Delante de él en las tres finales ocho atletas diferentes. Solo el Grant Holloway del 24 repitió en la cubierta de Glasgow y en los Juegos, ganando ambas. Pero cuando Holloway desaparece de escena tras una horrorosa semifinal, aparece otra serpiente, más sibilante, rasa sobre las vallas, mortífera. Se llama Cordell Tinch, tiene 25 años, es de Green Bay (Wisconsin) como los Packers. No daba para el fútbol, pero en la Universidad de Kansas brilló en las vallas, aunque solo unos meses. En 2020, la pandemia le devolvió a la nieve y el hielo de Wisconsin y allí se quedó tres años, vendiendo teléfonos móviles, dispuesto a ser un ciudadano como todos, familia, casa, impuestos. Su madre le echó de casa. Le obligó a cultivar su talento atlético. Acabó en Pittsburg en 2023 siendo el chico para todo en su universidad: saltó 8,16m en longitud, 2,22m en altura y corrió un 110 vallas en 12,97s con 3,3 de viento a favor. La de Tokio fue su primera gran final en un gran campeonato. La ganó.

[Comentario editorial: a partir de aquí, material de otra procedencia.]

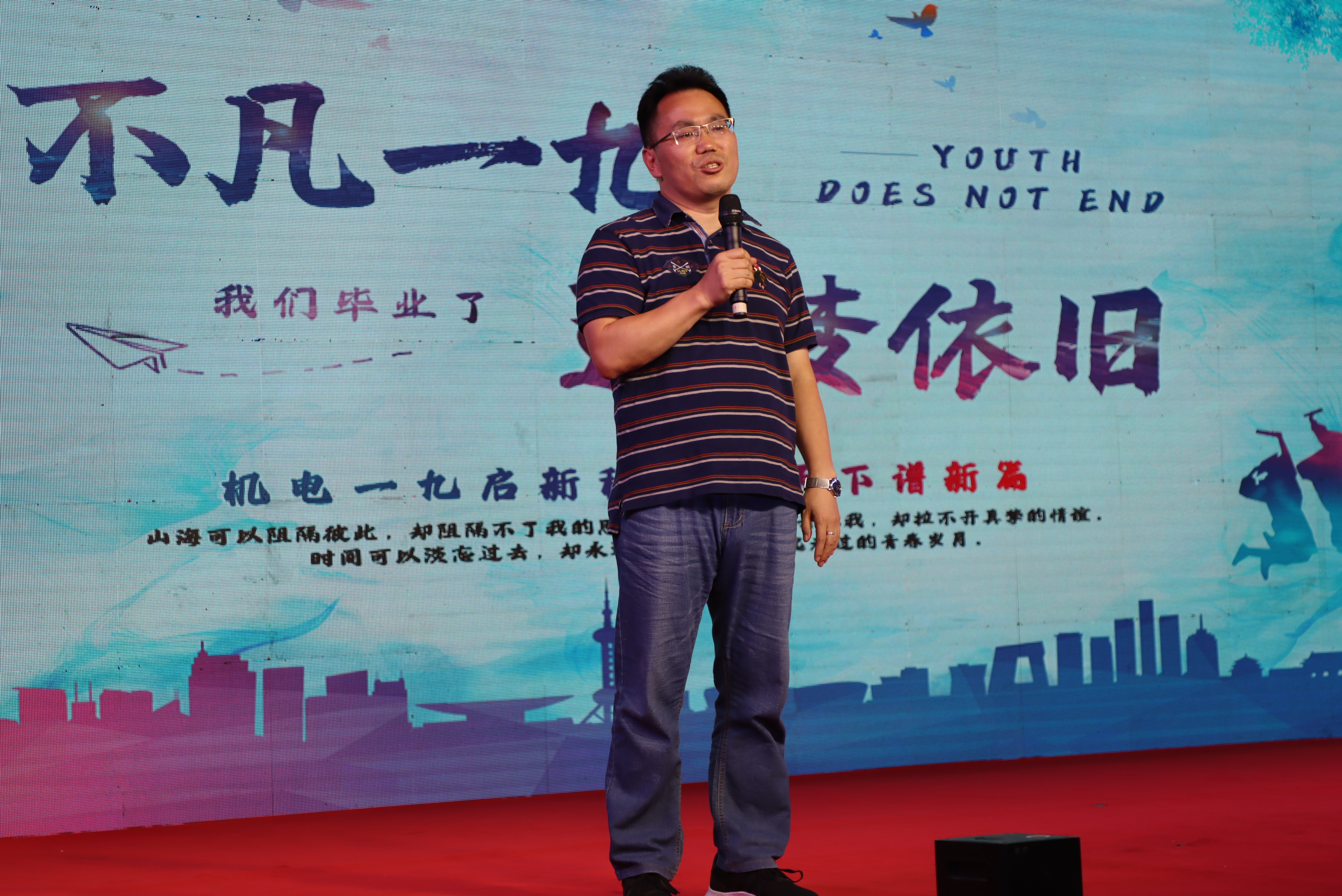本科2019级班主任代表刘新华老师表达了对毕业生的美好祝福和期待。本科2019级辅导员孟凡成老师表达了与毕业生的不舍之情,他随后寄语毕业生要勇于担当时代大任,艰苦奋斗,并借用张载的“为天地立心,为生民立命,为往圣继绝学,为万世开太平”表达了对毕业生的期盼。
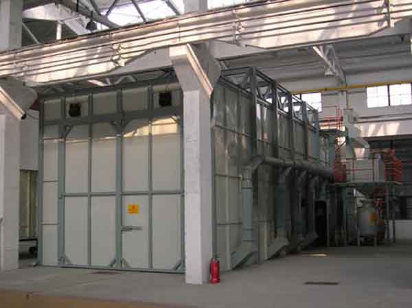 果酱视频网站房/喷丸房工序:工件进 → 果酱视频网站/丸 → 回收 → 筛选 → 除尘 → 工件出,过程可以自动控制。
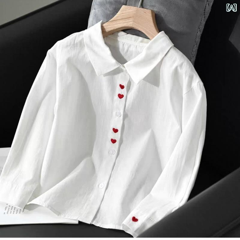 子供服 シャツ ガールズ 綿 長袖 トップス かわいい 刺繍 春秋 通学着 普段着 白
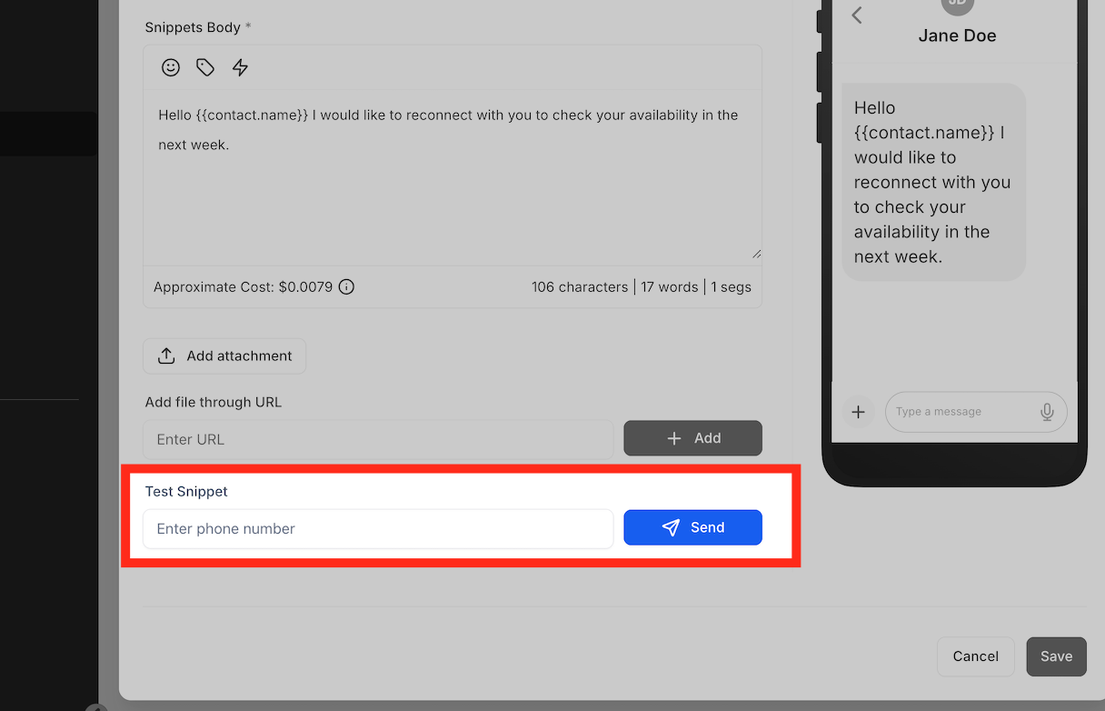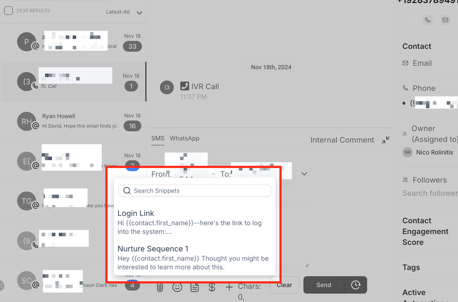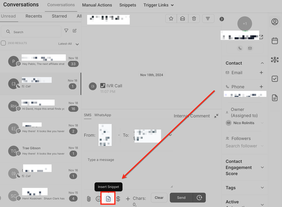 Öffnen Sie einen Gesprächs-Thread und klicken Sie auf das Snippets-Symbol unten.
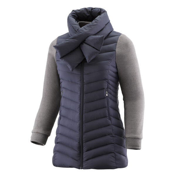 여성 다운 입니다 블루종 디테일과 니트소재를 혼용한 가벼운 소재의 중경량 다운자켓입니다 다양한 스타일에 활용할 수 있는 다운 머플러가 추가로 제공 됩니다
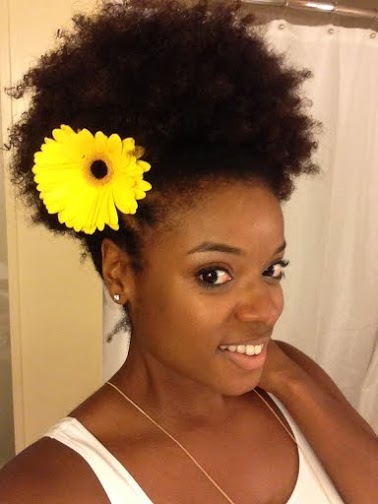 I am happy to see another 4c. There’s not that many 4c’s. My hair is tightly coiled too and My mom has to style it before it gets dry. I like your outfit in photo 4 and your yellow rose on the side.
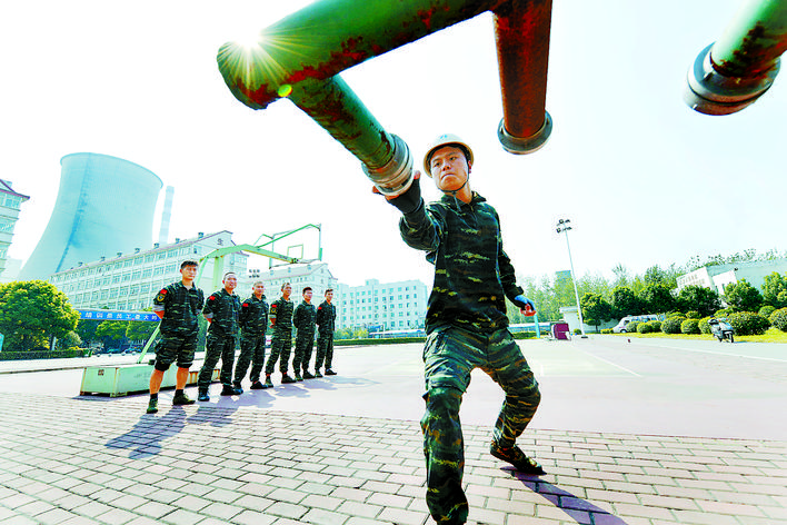 日前,安徽太子娱乐城 临涣焦化公司专职消防队的业务骨干正在认真训练,备战2018年全国危险化学品救援技术竞赛。为了备战,该公司抽调了10名业务骨干,组建了集训队,开展为期三个月的集中训练。王明明 摄

“Sí, aparece Tinch, y aparecen tres más”, sonríe lamentando Llopis, que no pierde el deseo de seguir matando serpientes. “Y ya llega un chaval de 19 años, Tharp, que ya corre en 13,01s y ha quedado sexto ahora(13,38s). Lo de Estados Unidos es una locura, saca gente todos los años y no para. No nos queda otra que pegarnos con todos ellos y ya está. No se me quitan las ganas de luchar. Lo que me gusta es que he conseguido sacar una buena carrera en una final de un campeonato del mundo. He aprovechado la oportunidad, aunque no he llegado a la ansiada medalla”.

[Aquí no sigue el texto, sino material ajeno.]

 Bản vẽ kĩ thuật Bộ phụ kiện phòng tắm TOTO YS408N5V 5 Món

Detrás de Llopis, quinto como en París, el ídolo local, Rachid Muratake (13,18s) y el griterío en el estadio, el ánimo, el desánimo final, alcanza horrísonos decibelios que contrastan con el silencio absoluto en la salida solo roto por el llanto de un niño que llena todo el espacio, tan magnífica es la acústica de un estadio hermoso y repleto, que se activa a golpe de gritos asombrados y tirones, siguiendo el vuelo magnífico del martillo del joven canadiense Ethan Katzberg (23 años), qué aceleración, inercia de torbellino en concentrada en menos de dos metros de diámetro, que alcanza los 84,70m, quinta mejor marca de la historia, para ganar su segundo Mundial un año después del oro olímpico; o siguiendo la ejecución de los saltos de altura del neozelandés Hamish Carter en duelo cerrado con el coreano Sanghyeok Woo (2,34m), para derrotarle de nuevo y un año después del oro olímpico en París ganar también el oro en Tokio (2,36m).

Era ya noche cerrada, era ya un recuerdo las series de los 800m, la prueba de más nivel del Mundial, en las que pelearon tres españoles que demostraron que de los pueblos y ciudades españoles brotan ochocentistas de talento sin parar. Uno, Moha Attaoui (1m 45,23s), hizo lo que se esperaba, lo que es magnífico. El cántabro corrió como el favorito que es, gastando lo justo y dominando en los últimos metros una serie que compartía con otro de los grandes favoritos, el canadiense Marco Arop, campeón del mundo en 2023. “¿Qué haré en la final?”, dice el atleta de On entrenado en Saint Moritz por Thomas Dreissigacker y que lleva todo el verano mostrando una forma extraordinaria. “Antes tendré que pasar la semifinal [jueves 15.01], pero si llego, se trata de terminar mejor que el quinto puesto de los Juegos de París, y no un puesto mejor, claro, sino dos o tres o….” Los otros dos sorprendieron, el veterano murciano Mariano García, por su eliminación, y, por su pase brillante a semifinales, el debutante extremeño David Barroso, de Zafra y también de Villafranca de los Barros, nacimiento y juventud, de 24 años, que imperialmente se impuso en la primera serie (1m 44,94s) por delante del terrible argelino Djamel Sedjati. Un atleta fuerte, grande y hermosa zancada, Barroso ejecutó con serenidad –“corrí por la calle dos aunque regalara metros para no quedarme encerrado como en el campeonato de España, que fui cuarto”, explica– el plan estudiado con su entrenador en Villafranca, José Ángel Rama, joven curioso, estudioso, entregado al atletismo, que ha hecho de su pueblo un vergel atlético.

El debutante más ilustre de la prueba, el fenómeno tejano Cooper Lutkenhaus, de 16 años, prefirió, más exagerado aún, correr por la calle tres. Fue un visto y no visto en Tokio. Quedó eliminado a la primera.